I was nineteen during most of the
year covered by 1969: The Year Everything
Changed, by Rob Kirkpatrick (2011). I was aware, as they were happening, partially
or fully, of the events this collection of short narratives covers. I was disappointed that this book rendered events
that once stood in my memory as blazing moments as prosaic events of little
importance. This is not the fault of the book or its author.
My main criticism of this volume
is that it describes the important events of 1969 without offering much
context. There’s not much analysis or
interpretation, little effort to delve below the surface of these events. They
don’t fit together in some sort of coherent or even incoherent assemblage of
moments that sum up the year or the decade for which 1969 served as a culmination. They leave me uncertain as to what did
change, and why, and how.
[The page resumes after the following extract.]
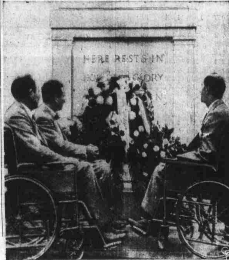
THREE WHEELCHAIR veterans visit the Tomb of the Unknown Soldier in Arlington, Va., National Cemetery in observance of Memorial Day.

Altamont, Vietnam, Chappaquiddick, Charles Manson, the
Mets, Nixon, the Apollo moon landing and other moments are part of my personal
history—I may not have experienced them first hand, but I lived through and certainly
knew about them, thought about and wrestled with their meaning. They helped formed my identity. (Equally important to that formation are
college experiences and friends). In Kirkpatrick’s book these events that
defined 1969 are reduced simply to instances of reportage decades after the
fact. Dry, factual, interesting, but
distant, almost irrelevant. I have lived
long enough that many of the events that meant most to the formation of my
“self”—events extending mainly from 1968 to 1972—are now distant history. I feel removed from them and what they represented. I feel removed from (though in many cases
desiring to reconnect with) people I knew then.
Of course, I am no longer remotely
similar to the person I was in those years, and in many regards that is good. My marriage and my children, and my work at
the University of Georgia, changed me into a different person. My family is what matters to me. In my sons
there is perpetuity. The events of 1969 are distant, dead history.